The Securities Markets Code (SMC), 2025
The Securities Markets Code (SMC), 2025, introduced in the Indian Parliament, aims to overhaul the existing securities market regulations to enhance investor protection, streamline compliance, and improve regulatory governance.
Key Objectives
- Strengthening investor protection.
- Easing the compliance burden.
- Improving regulatory governance.
- Promoting ease of doing business in India.
Major Proposals
- Consolidation of three existing laws: Securities Contracts (Regulation) Act, 1956 (SCRA), Securities and Exchange Board of India Act, 1992 (SEBI Act), and the Depositories Act, 1996.
- Reduction of overlapping provisions and legal conflicts.
- Increase in SEBI board members from 9 to 15 for enhanced governance.
- Two categories of contraventions:
- Violations with civil penalties, not involving criminal liability.
- Market abuse with potential criminal liability for serious offences.
- Mandate of an investor charter for investor protection and grievance redressal.
Empowerment and Regulation
- Increased power for SEBI to remove board members for conflicts of interest or moral turpitude.
- Designation of SEBI officers as Ombudspersons to handle investor grievances promptly.
- Establishment of a consolidated framework for registration of intermediaries and pooled investment vehicles.
International Best Practices
- Incorporation of global best practices in regulatory governance and transparency.

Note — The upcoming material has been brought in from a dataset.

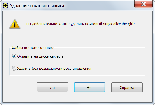 Выберите вариант удаления файлов почтового ящика.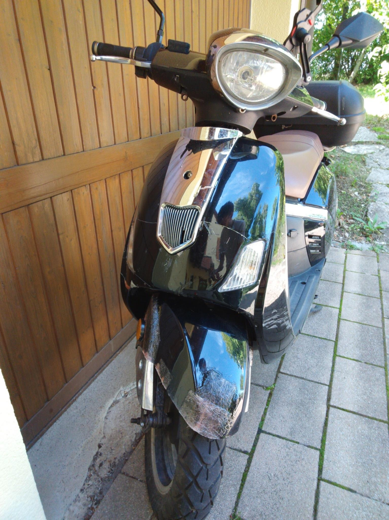 Also erstmal Roller am naechsten Tag abgemeldet (THG gibt es ab naechstem Jahr ja nicht mehr und fuer dieses Jahr habe ich Praemie schon) und untergestellt. Dann bei Trinity angefragt, sie haben sich nach ein paar Tagen gemeldet und hätten sogar noch Kotflügel für das 6 Jahre alte Modell vorrätig gehabt, aber leider keine Frontverkleidung. Sie haben mir aber den Tipp gegeben nach folgenden (Verbrenner-)Modellen zu suchen, die wohl die gleiche Verkleidung hätten. Dafür muss ich Trinity mal loben

- Introduction of a regulatory impact assessment to balance enforcement and innovation in the securities market.
Concluding Thoughts
The SMC is designed to create a comprehensive regulatory environment that reduces complexity, enhances coordination among market institutions, and fosters a more inclusive and transparent regulatory framework. This legislative shift is a step towards modernizing India's securities market infrastructure and regulatory practices.